**Information:**

== == ==

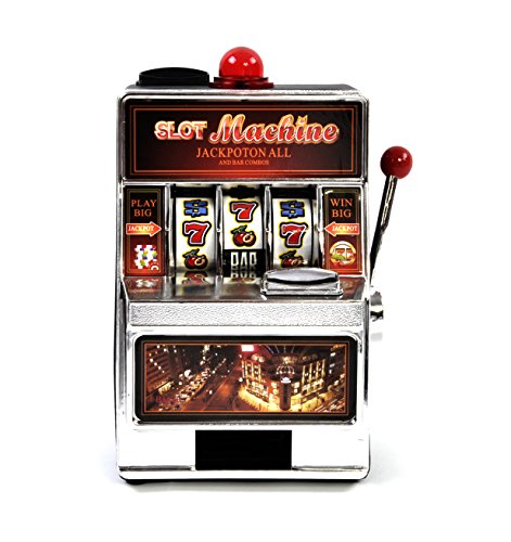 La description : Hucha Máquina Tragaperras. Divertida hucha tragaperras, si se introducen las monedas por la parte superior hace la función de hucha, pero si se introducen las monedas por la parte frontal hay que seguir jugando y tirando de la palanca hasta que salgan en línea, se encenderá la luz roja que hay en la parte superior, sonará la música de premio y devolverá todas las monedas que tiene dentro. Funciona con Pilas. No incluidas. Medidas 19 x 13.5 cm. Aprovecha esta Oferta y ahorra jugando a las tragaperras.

== == ==

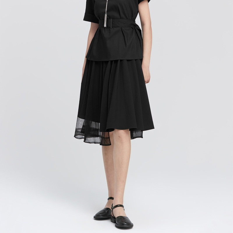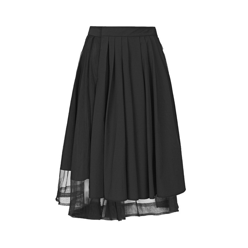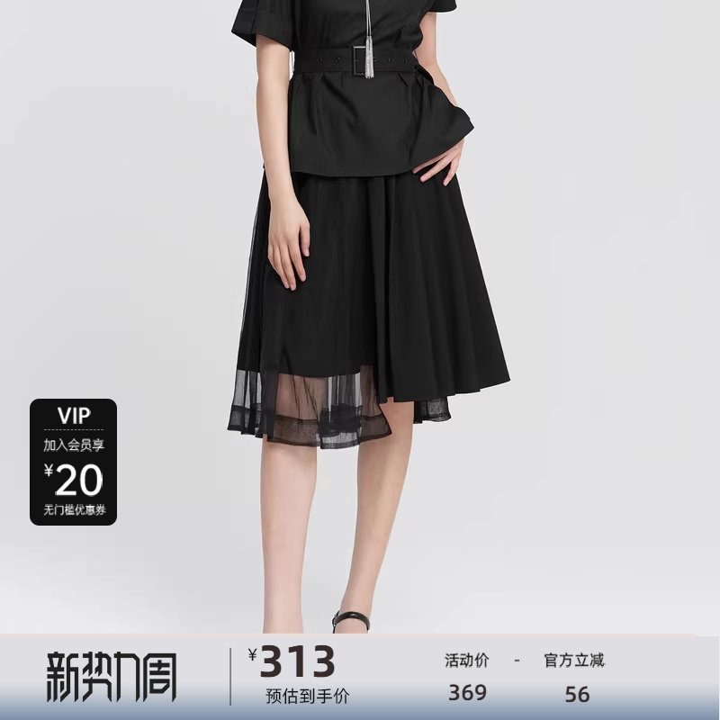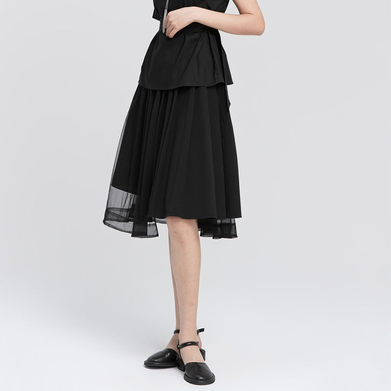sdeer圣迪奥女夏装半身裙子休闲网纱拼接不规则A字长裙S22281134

== == ==

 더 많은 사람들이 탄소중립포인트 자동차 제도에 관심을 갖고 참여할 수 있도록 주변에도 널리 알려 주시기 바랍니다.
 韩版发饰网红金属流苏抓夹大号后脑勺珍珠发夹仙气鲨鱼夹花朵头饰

== == ==

**Prompt:** Beginning with the line holding "더 많은 사람들이 탄소중립포인트" and ending with the line holding "韩版发饰网红金属流苏抓夹大号后脑勺珍珠发夹仙气鲨鱼夹花朵头饰", write out the stretch of material above exactly; add no further lines.

**Solution for this task:**
 더 많은 사람들이 탄소중립포인트 자동차 제도에 관심을 갖고 참여할 수 있도록 주변에도 널리 알려 주시기 바랍니다.
 韩版发饰网红金属流苏抓夹大号后脑勺珍珠发夹仙气鲨鱼夹花朵头饰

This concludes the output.